-- SOURCE DATA follows --

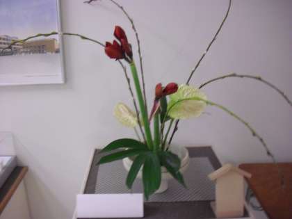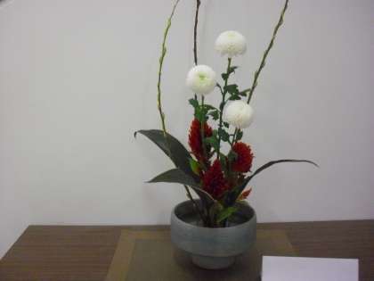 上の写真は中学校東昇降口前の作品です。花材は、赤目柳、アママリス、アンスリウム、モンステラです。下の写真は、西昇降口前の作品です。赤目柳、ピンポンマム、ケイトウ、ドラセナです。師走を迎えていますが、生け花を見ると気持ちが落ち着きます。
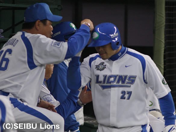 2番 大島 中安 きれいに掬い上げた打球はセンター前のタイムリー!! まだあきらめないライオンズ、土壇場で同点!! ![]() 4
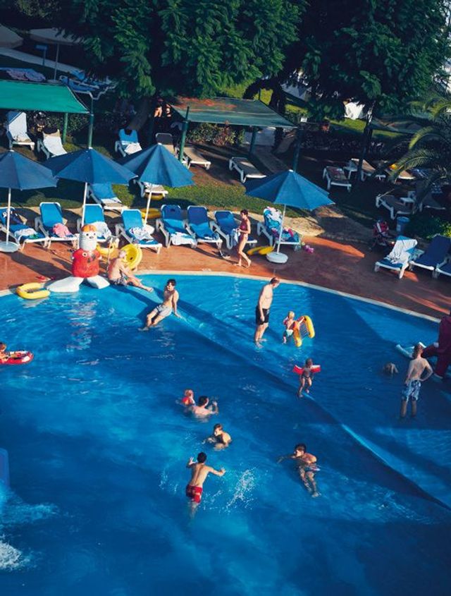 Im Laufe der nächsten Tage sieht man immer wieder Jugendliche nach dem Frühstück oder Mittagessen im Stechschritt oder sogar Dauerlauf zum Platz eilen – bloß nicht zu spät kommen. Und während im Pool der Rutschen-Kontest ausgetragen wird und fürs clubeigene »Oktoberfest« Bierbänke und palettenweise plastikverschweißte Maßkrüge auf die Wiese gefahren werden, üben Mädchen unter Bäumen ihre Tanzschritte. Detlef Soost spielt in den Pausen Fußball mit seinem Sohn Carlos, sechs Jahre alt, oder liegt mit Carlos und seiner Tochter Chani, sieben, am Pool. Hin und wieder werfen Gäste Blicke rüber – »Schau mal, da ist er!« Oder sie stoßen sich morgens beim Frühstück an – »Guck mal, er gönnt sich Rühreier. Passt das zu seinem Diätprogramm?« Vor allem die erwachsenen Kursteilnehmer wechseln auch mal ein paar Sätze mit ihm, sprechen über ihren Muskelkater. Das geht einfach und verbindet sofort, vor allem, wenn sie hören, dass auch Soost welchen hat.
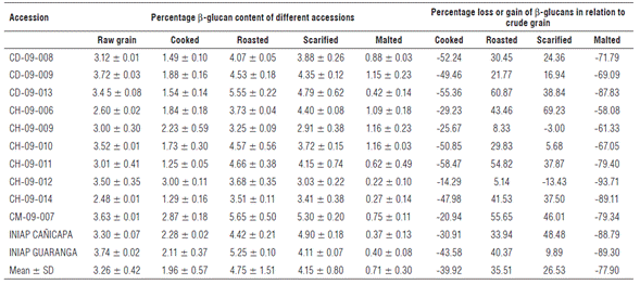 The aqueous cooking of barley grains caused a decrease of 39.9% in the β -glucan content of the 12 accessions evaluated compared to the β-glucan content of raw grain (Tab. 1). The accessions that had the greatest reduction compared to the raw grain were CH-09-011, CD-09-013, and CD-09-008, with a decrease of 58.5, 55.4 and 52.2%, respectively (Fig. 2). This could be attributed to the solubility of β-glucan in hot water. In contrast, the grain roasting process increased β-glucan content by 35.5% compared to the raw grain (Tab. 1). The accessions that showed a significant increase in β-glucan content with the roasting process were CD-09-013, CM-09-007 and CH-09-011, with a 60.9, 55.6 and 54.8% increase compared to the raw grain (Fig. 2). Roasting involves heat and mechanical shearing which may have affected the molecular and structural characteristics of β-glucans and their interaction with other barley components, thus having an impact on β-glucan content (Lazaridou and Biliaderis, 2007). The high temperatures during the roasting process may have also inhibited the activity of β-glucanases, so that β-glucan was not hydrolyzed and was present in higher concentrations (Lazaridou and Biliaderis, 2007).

-- SOURCE DATA concluded --
-- SOURCE DATA follows --

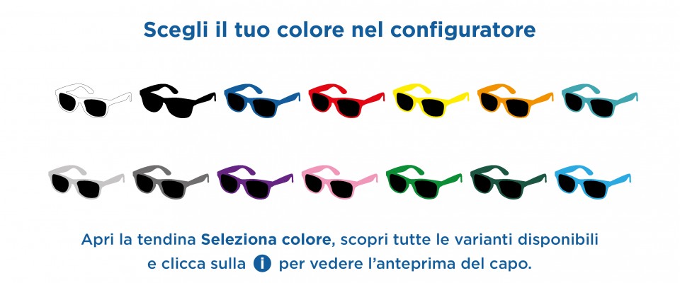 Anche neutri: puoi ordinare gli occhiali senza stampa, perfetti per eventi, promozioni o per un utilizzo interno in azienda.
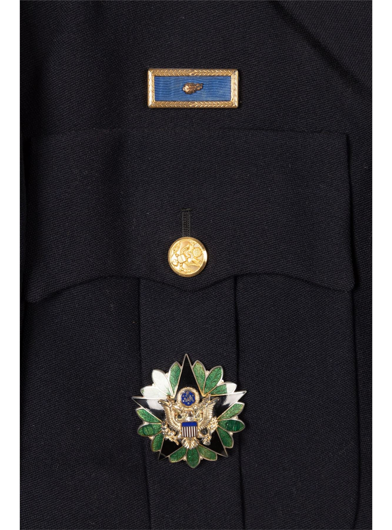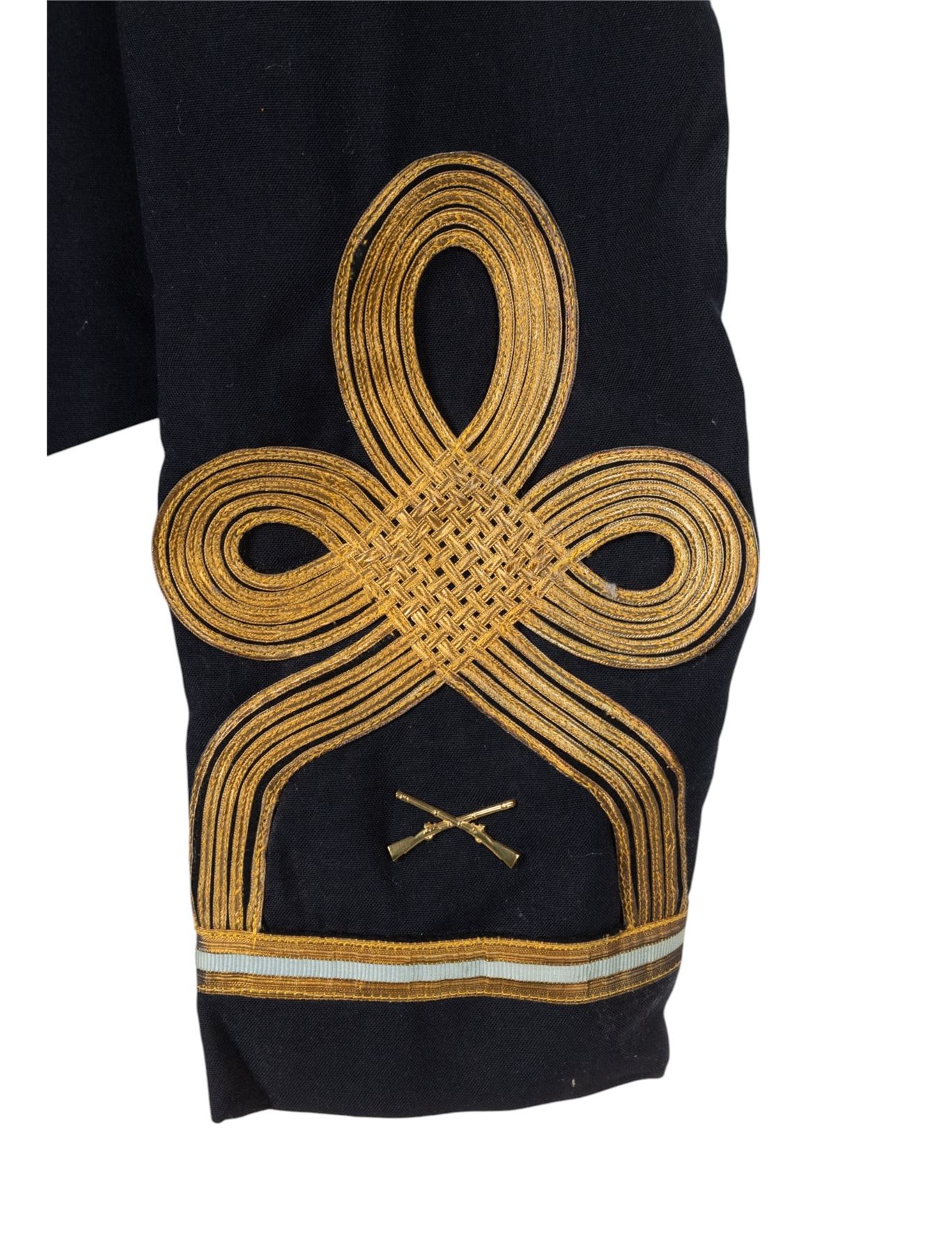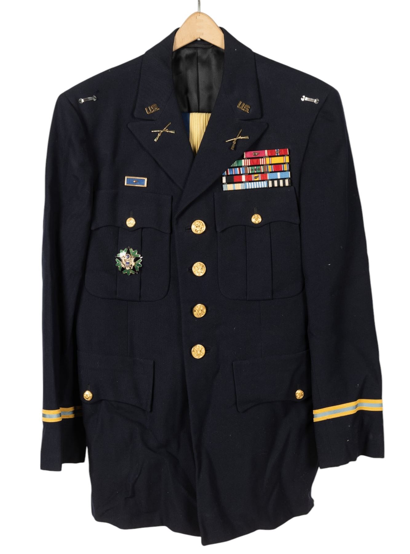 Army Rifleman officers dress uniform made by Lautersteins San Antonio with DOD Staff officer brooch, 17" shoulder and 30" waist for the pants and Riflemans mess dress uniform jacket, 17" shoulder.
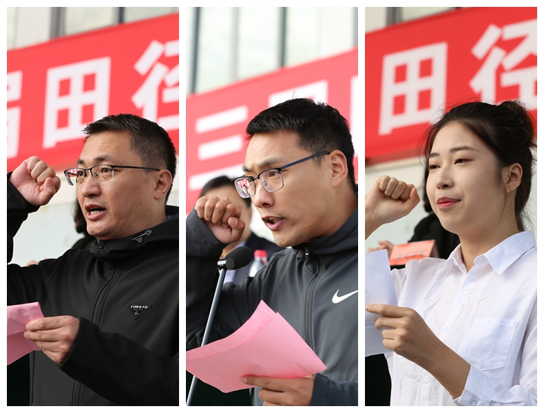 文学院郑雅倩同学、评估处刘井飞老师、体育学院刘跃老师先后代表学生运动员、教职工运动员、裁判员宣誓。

-- SOURCE DATA concluded --
-- SOURCE DATA follows --

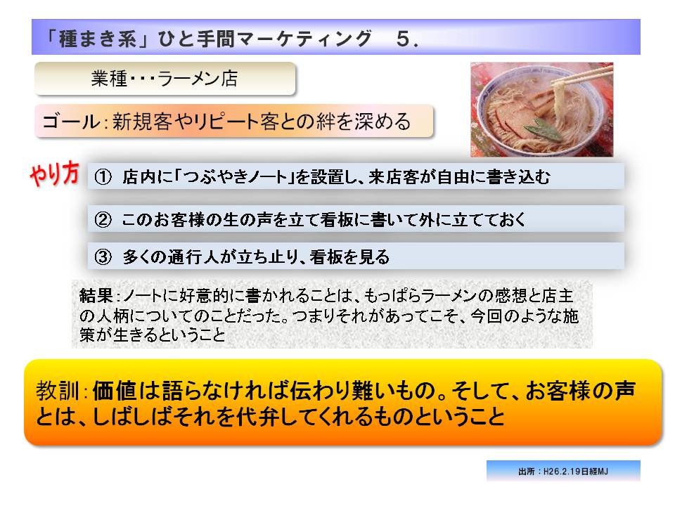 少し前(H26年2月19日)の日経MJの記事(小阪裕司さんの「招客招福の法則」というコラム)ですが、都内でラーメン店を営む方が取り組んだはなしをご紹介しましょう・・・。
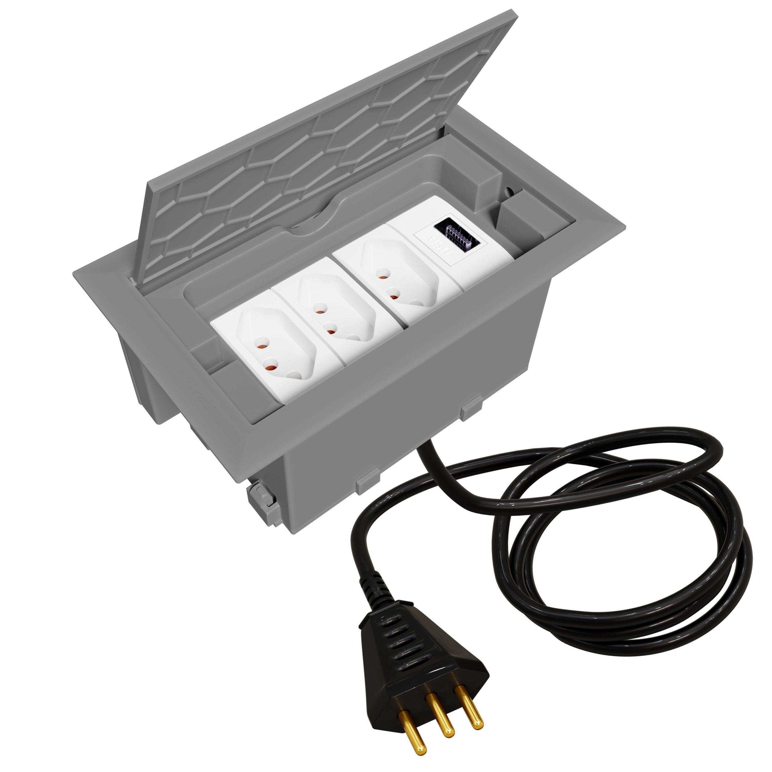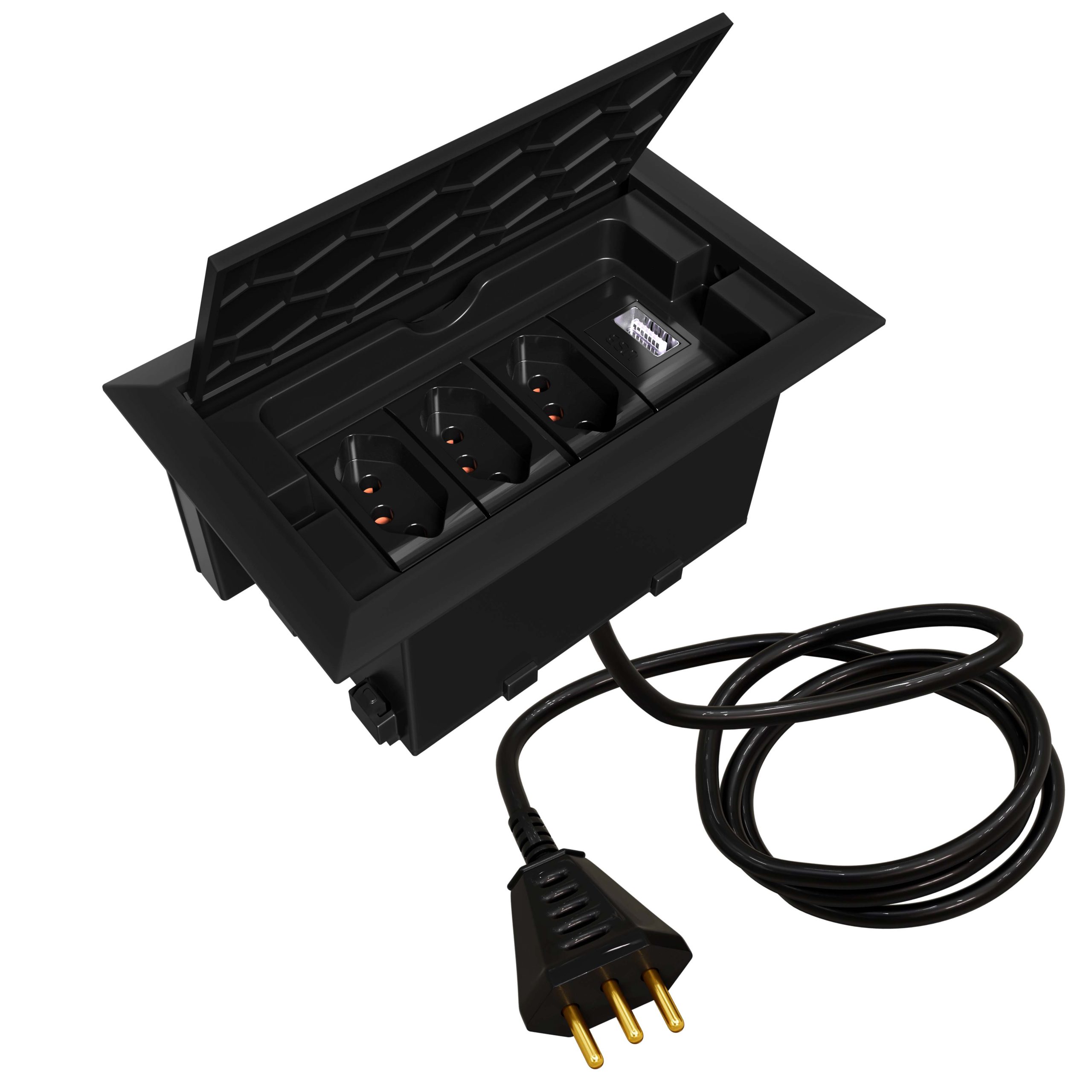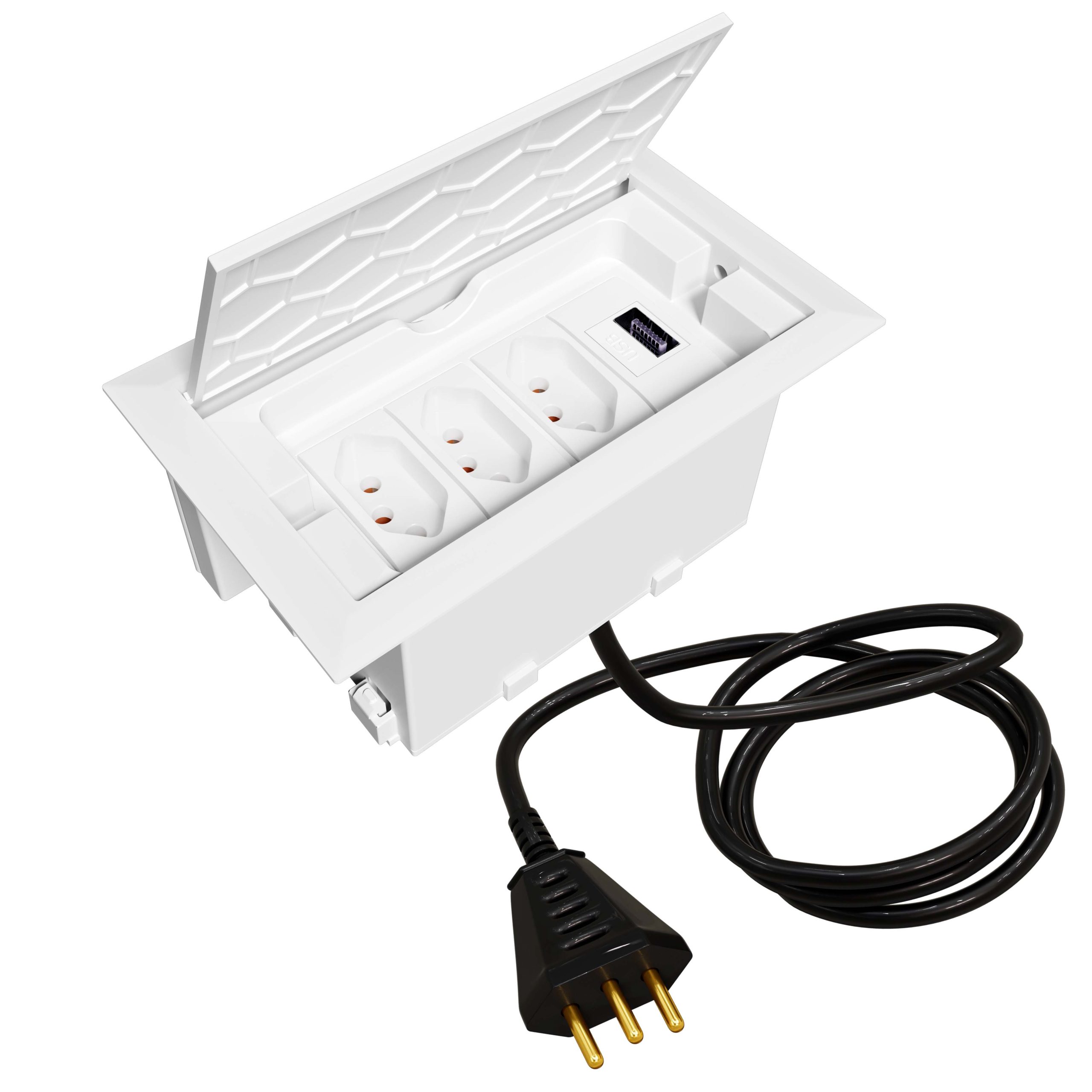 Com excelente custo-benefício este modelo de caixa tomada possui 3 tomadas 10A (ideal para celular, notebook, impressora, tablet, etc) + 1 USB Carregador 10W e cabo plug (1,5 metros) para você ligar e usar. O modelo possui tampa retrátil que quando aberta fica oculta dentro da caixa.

-- SOURCE DATA concluded --

#### PROBLEM TO WORK ON:
Go to the line above holding "上の写真は中学校東昇降口前の", then copy exactly each line down to and including the one holding "2番 大島 中安 きれいに掬い上げた打球はセンター前のタイムリー!!", leaving pictures out.

#### WRITTEN RESPONSE:
 上の写真は中学校東昇降口前の作品です。花材は、赤目柳、アママリス、アンスリウム、モンステラです。下の写真は、西昇降口前の作品です。赤目柳、ピンポンマム、ケイトウ、ドラセナです。師走を迎えていますが、生け花を見ると気持ちが落ち着きます。
 2番 大島 中安 きれいに掬い上げた打球はセンター前のタイムリー!! まだあきらめないライオンズ、土壇場で同点!! ![]() 4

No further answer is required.